The undersigned hereby tenders to Hedge Fund Guided Portfolio Solution, a closed-end, non-diversified, management investment company organized under the laws of the State of Delaware (the “Fund”), the shares of beneficial interest (“Shares”) in the Fund or portion thereof held by the undersigned, described and specified below, on the terms and conditions set forth in the offer to purchase dated March 27, 2019 (“Offer to Purchase”), receipt of which is hereby acknowledged, and in this Letter of Transmittal (which together constitute the “Offer”). All capitalized terms used herein have the meaning as defined in the Fund’s Declaration of Trust. The tender and this Letter of Transmittal are subject to all the terms and conditions set forth in the Offer to Purchase, including, but not limited to, the absolute right of the Fund to reject any and all tenders determined by it, in its sole discretion, not to be received timely and in the appropriate form.

The undersigned hereby sells to the Fund the Shares of the Fund tendered hereby pursuant to the Offer. The undersigned hereby warrants that the undersigned has full authority to sell the Shares tendered hereby and that the Fund will acquire good title thereto, free and clear of all liens, charges, encumbrances, conditional sales agreements or other obligations relating to the sale thereof, and not subject to any adverse claim, when and to the extent the same are purchased by the Fund. Upon request, the undersigned will execute and deliver any additional documents necessary to complete the sale in accordance with the terms of the Offer.

The undersigned recognizes that under certain circumstances set forth in the Offer, the Fund may not be required to purchase any of the Shares of the Fund or portion thereof tendered hereby. The undersigned recognizes that, if the Offer is oversubscribed, not all the undersigned’s Shares of the Fund may be purchased.

A non-transferable, non-interest bearing promissory note for the purchase price will be paid to the undersigned if the Fund accepts for purchase the Shares tendered hereby. The undersigned acknowledges that the promissory note will be held for the undersigned by BNY Mellon Investment Servicing (U.S.) Inc., the Fund’s administrator. The cash payment(s) of the purchase price for the Shares tendered by the undersigned and accepted for purchase by the Fund will be made by wire transfer of the proceeds to the undersigned’s account at Merrill. The undersigned hereby represents and warrants that the undersigned understands that upon a withdrawal of such cash payment from the account, the institution at which the account is held may subject such withdrawal to any fees that it would customarily assess upon the withdrawal of cash from such account. The undersigned hereby represents and warrants that the undersigned understands that any payment in the form of marketable securities would be made by means of special arrangement with the tendering member in the sole discretion of the Fund’s Board of Trustees.
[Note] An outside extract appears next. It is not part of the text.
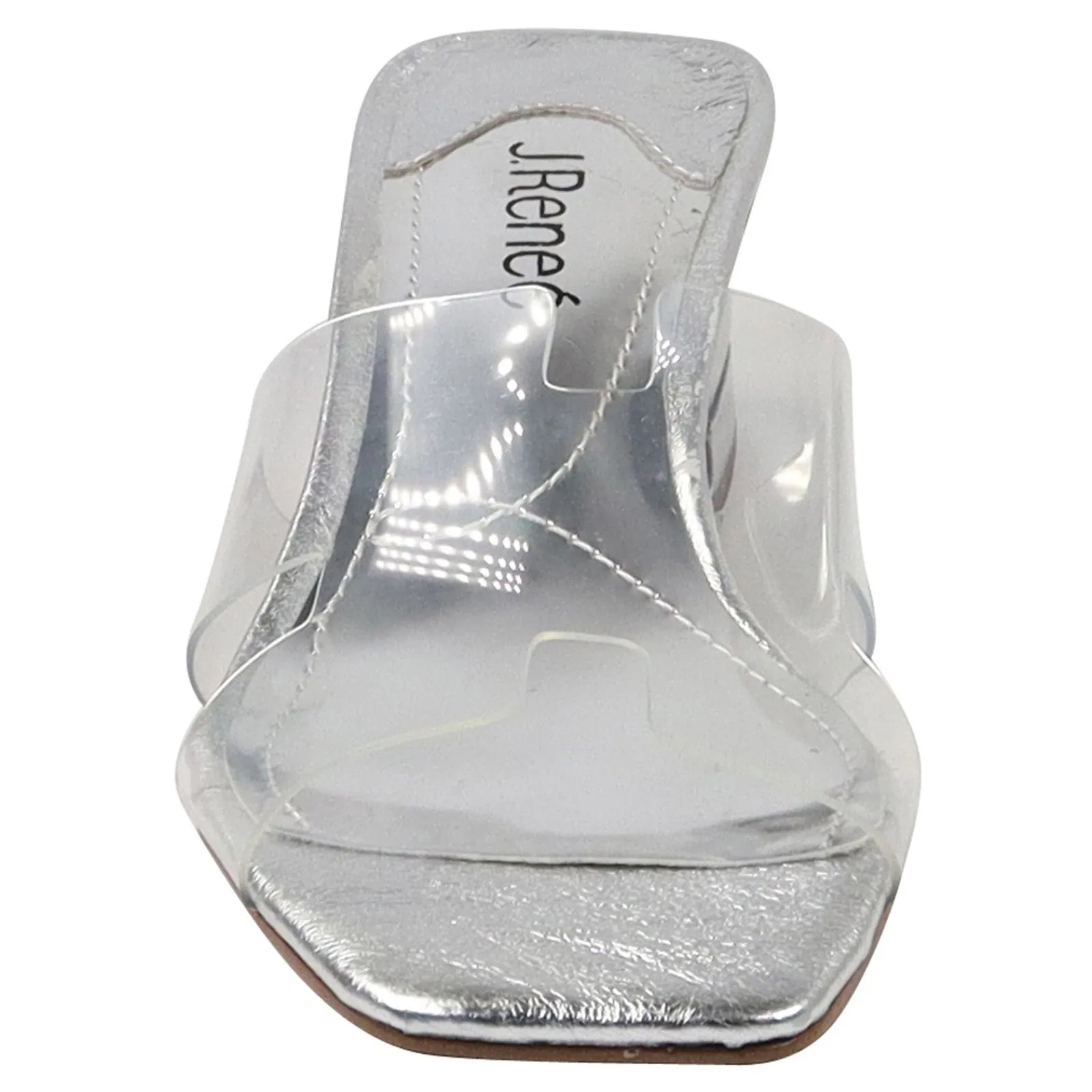 Women’s J Renee, Rafaela Sandal. Make a statement in this dazzling, low heel sandal. They feature an eye-catching metallic heel with clear vinyl material for a dressy look and a memory foam and latex footbed that delivers all-day comfort.

If the undersigned’s Shares are tendered and accepted for purchase, the promissory note will also provide for a contingent payment portion of the purchase price, if any, as described in Section 7 of the Offer to Purchase. Any contingent payment of cash due pursuant to a note will also be made by wire transfer to the undersigned’s account as designated in this Letter of Transmittal. The undersigned recognizes that the amount of the purchase price for Shares will be based on the unaudited net asset value of the Fund as of June 30, 2019 (the “Valuation Date”), subject to an extension of the Offer as described in Section 8 of the Offer to Purchase. The contingent payment portion of the purchase price, if any, will generally be made within 120 days of the Valuation Date.

All authority herein conferred or agreed to be conferred shall survive the death or incapacity of the undersigned and the obligation of the undersigned hereunder shall be binding on the heirs, personal representatives, successors and assigns of the undersigned. Except as stated in Section 6 of the Offer to Purchase, this tender is irrevocable.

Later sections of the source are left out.